The Rise of Biosimilars and their Impact on Cold Chain Logistics
Brent Stansfield of YSDS considers the key challenges supply chain professionals must address for the delivery of biosimilars
The pharmaceutical sector has seen exponential growth in biosimilars and there are no signs of this pace slowing down. Mckinsey estimates sales of biosimilars will triple to $15bn by the year 2020. In the UK, this recent market surge has been influenced by October’s patent expiry of adalimumab and the National Health Service (NHS) issuing new commissioner guidelines encouraging a switch to biosimilars if it is cheaper than an original product.
Biosimilars are essentially a copy-cat product of a biological reference product. However, unlike generics, they are not identical to the original product and only have similar properties. Companies must ensure though that the product is equivalent in terms of quality, safety and efficacy. As the NHS is under serious pressure to drive down costs, it is unsuprising that they have opened up their doors to biosimilars. Effectively, they receive the same quality of product at a significantly lower cost.
Challenges in the Cold Chain
Even though biosimilars are providing substantial benefits to the healthcare sector, they are demonstrating significant challenges in cold-chain logistics.
Temperature & Time
Biosimilars are considerably temperature and time sensitive and they require consistent monitoring throughout the supply chain to maintain a product’s integrity. Biosimilars have a very short label claim, so every delivery needs to be extremely time efficient. Alongside this, their extreme temperature sensitivity requires them to be stored within a specific temperature threshold throughout the entire journey.
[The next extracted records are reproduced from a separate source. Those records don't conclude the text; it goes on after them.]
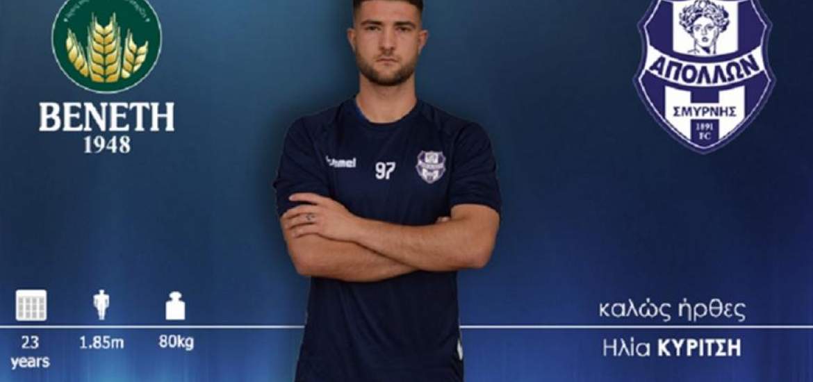 Η ΠΑΕ Απόλλων Σμύρνης ανακοινώνει την απόκτηση του ποδοσφαιριστή, Ηλία Κυρίτση. Γεννημένος στις 14 Οκτωβρίου 1997, αγωνίζεται ως τερματοφύλακας. Στο παρελθόν έχει παίξει σε Καβάλα, ΠΑΕΕ Κερύνειας, Κερατσίνι, Ιωνικό, Κηφισιά, Ατρόμητο, Άγιο Ιερόθεο.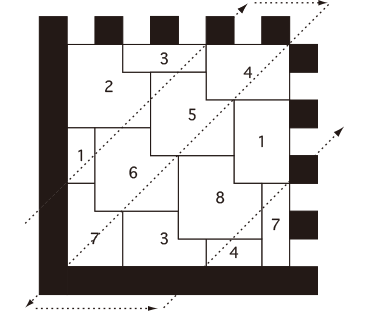 当一个代码有超过26 x 26个模块(超过24 x 24个数据模块)时,它被分成块,如下所示,每边不超过24个模块。这种结构可以防止代码失真。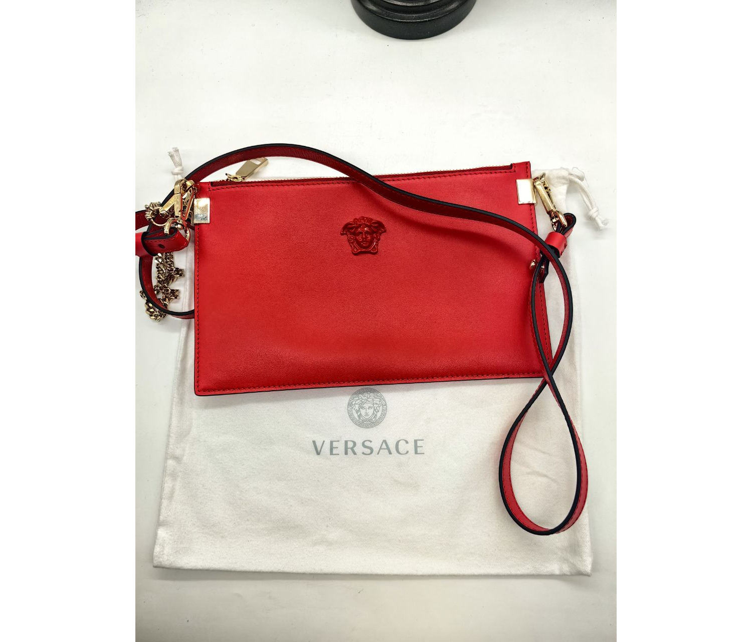 Предлагаю роскошную вечернюю сумку от всемирно известного модного дома Versace. Это подлинное изделие премиум‑класса — идеальный аксессуар для торжественных мероприятий, светских раутов и особых случаев.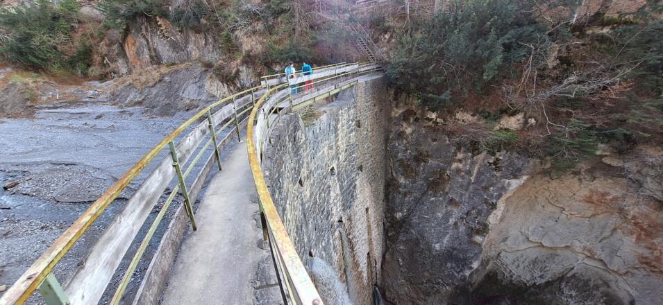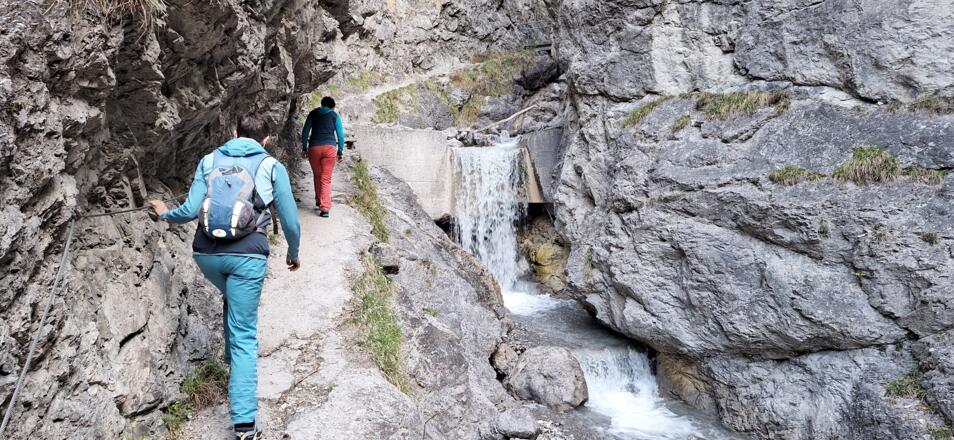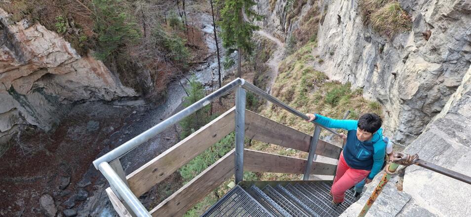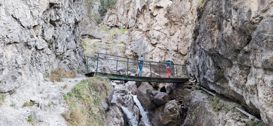 Auf einem schmalen Steig geht es durch die Ehnbachklamm, teils mit Stahlseilen versichert und mit einem Geländer versehen, bis zu einer hohen Geschiebesperre, die gequert wird. Auf einem Forstweg gelangen wir zur Fahrstraße ins Brunntal, auf der wir absteigen bis wir kurz vor dem großen Steinbruch bestens beschildert die Abzweigung auf den ebenfalls gut gesicherten Steig zur Kaiser Max Grotte nehmen.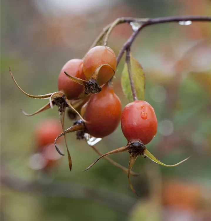 Besonders dekorativ sind die roten, runden Früchte von Rosa glauca. Diese erscheinen ab September.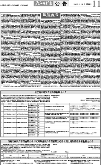 西藏宏融资产管理有限公司与杭州坤盛资产管理有限公司债权转让通知暨债务催收联合公告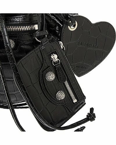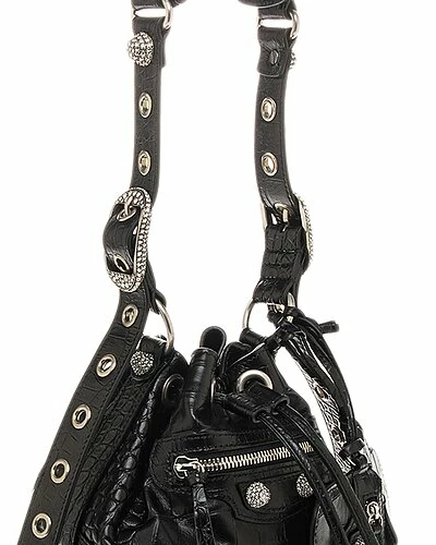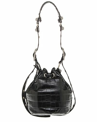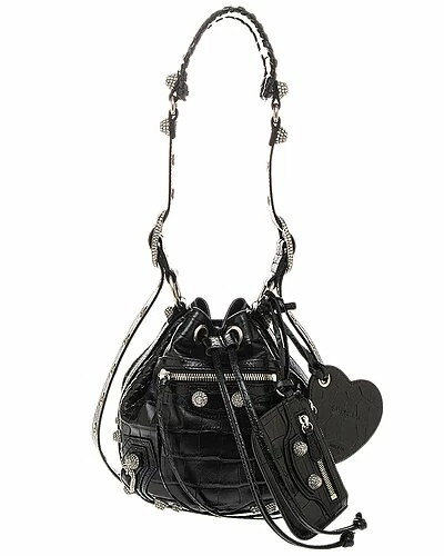 - Le Cagole Leather Bucket Bag in black leather and aged-silver hardware with front zip pocket

To overcome these challenges companies have begun utilising cutting-edge technology such as IoT. IoT sensors allow companies to track a product’s condition (temperature and humidity) and real-time location. Alongside sending instant alerts when any deviations occur. Logistic companies have also been investing in pioneering cold chain packaging, which is integral to maintaining product integrity, not only to sustain the temperature threshold but also to handle any vibrations or drops.
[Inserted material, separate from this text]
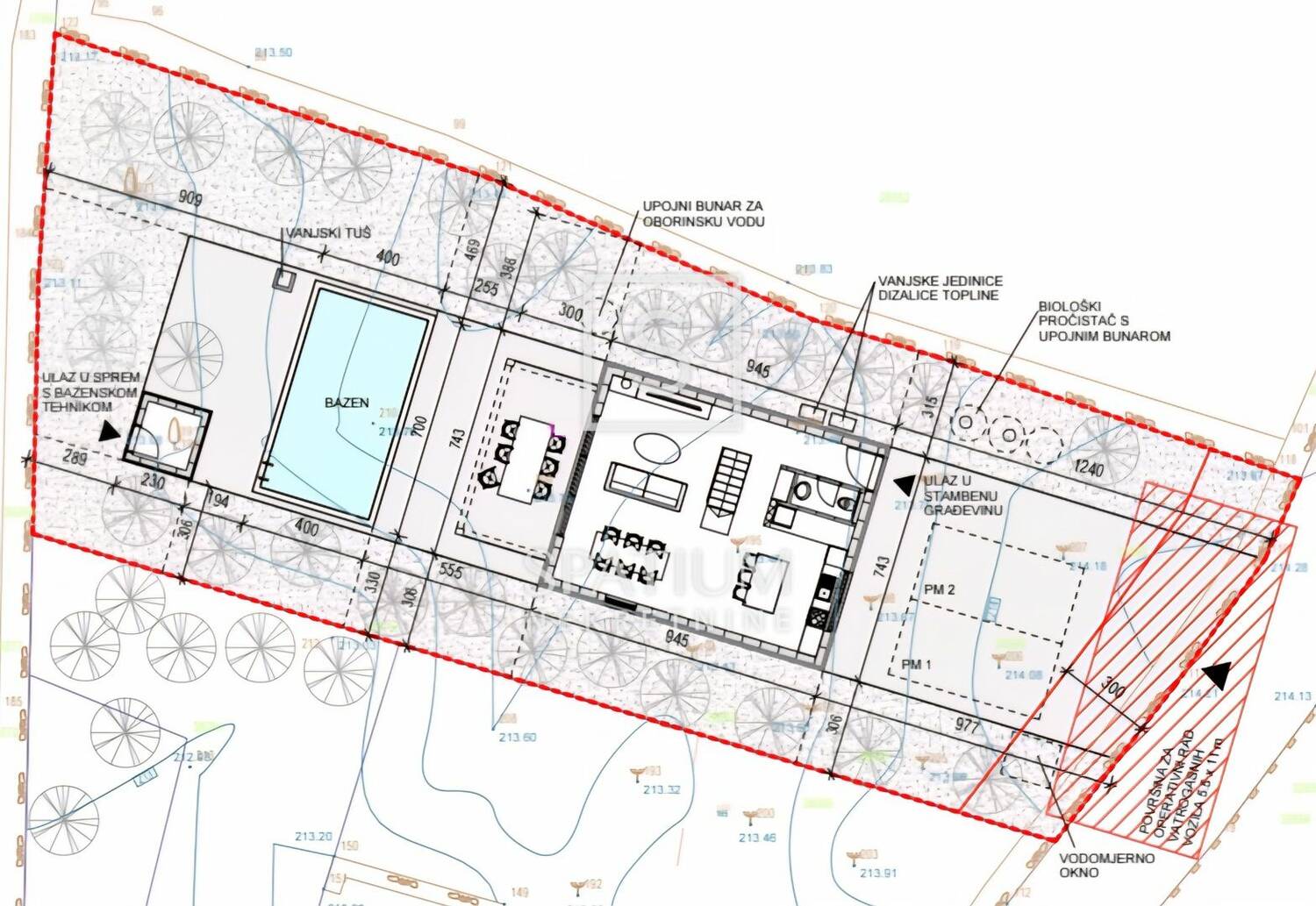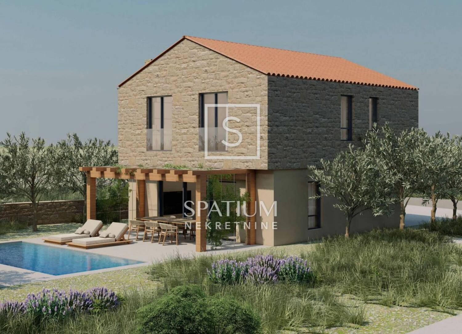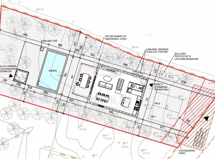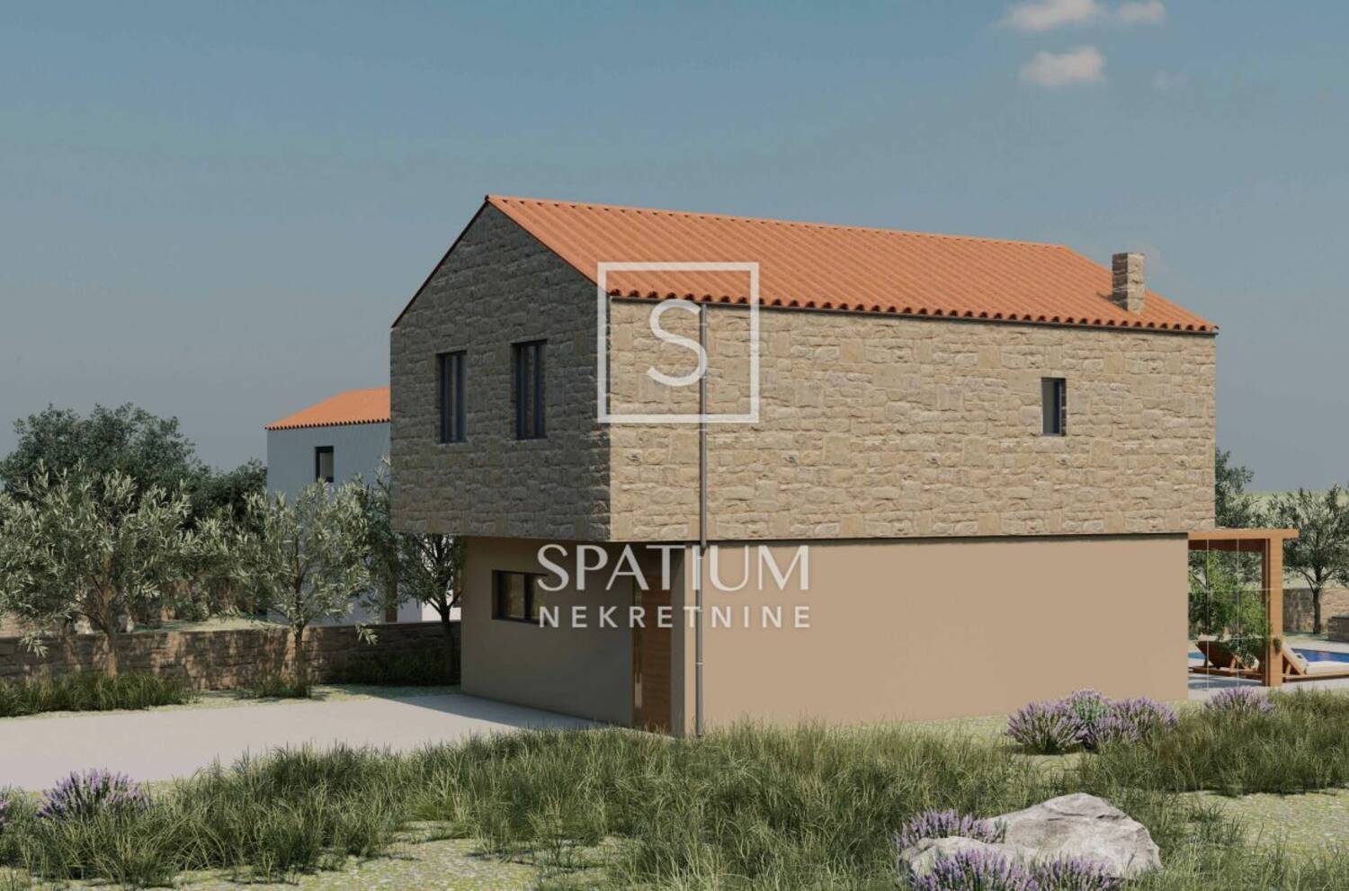 JURŠIĆI, u ponudi je građevinsko zemljište površine 547 m², smješteno na mirnoj lokaciji na samom kraju sela. Parcela je pravilnog oblika, omeđena suhozidima s dvije strane te ima izravan pristup s javnog puta. Prodaje se zajedno s glavnim projektom i pravomoćnom građevinskom dozvolom za izgradnju samostojeće kuće od 120 m² neto površine, raspoređene na prizemlje i kat. Prema projektu, u prizemlju su predviđeni open-space dnevni boravak, kuhinja i blagovaonica, ostava, toalet i hodnik, dok se na katu nalaze tri spavaće sobe, svaka s vlastitom kupaonicom. Projekt uključuje i pomoćne objekte: bazen od 28 m², spremište s bazenskom tehnikom, biološki pročistač te dva parkirna mjesta. Vanjska terasa prostire se na 40 m², a parcela već ima priključke za vodu i struju, nekoliko stabala maslina te pripremljen i očišćen teren za početak gradnje. U cijenu je uključen i prirodni kamen namijenjen za gradnju.

Biosimilar production is not just being monopolised by the larger players in the market, SMEs are also producing mass amounts of biosimilars. Whilst this is brilliant in terms of competition and pricing of the products, smaller companies usually have less established supply chain operations and tend to outsource to external agencies. As a consequence, the choice of supplier is vital as not all logistic companies maintain the required standard needed by biosimilars. In addition, manufactures lose visibility along the supply chain, increasing the chance of a cold chain breach.
As biosimilars are more affordable than their original counterpart, they are more accessible to a greater variety of people and can even be available in developing countries. The global transportation of biosimilars opens up more possibilities of a broken cold chain as it becomes increasingly more difficult to monitor. The majority of breaches occur on airport tarmac, where the products are left to stand, exposing them to external conditions. The globalisation of these medicines also means they will be travelling through various terrains, subjecting them to different climates. Therefore, the packaging needs to be highly effective to maintain temperature thresholds, even under the harshest of conditions.
The growth of biosimilars does present a lot of challenges for the logistics sector, however, it is wise for companies to embrace it and see it as an opportunity to be more innovative with their operations and develop a more efficient and effective cold chain.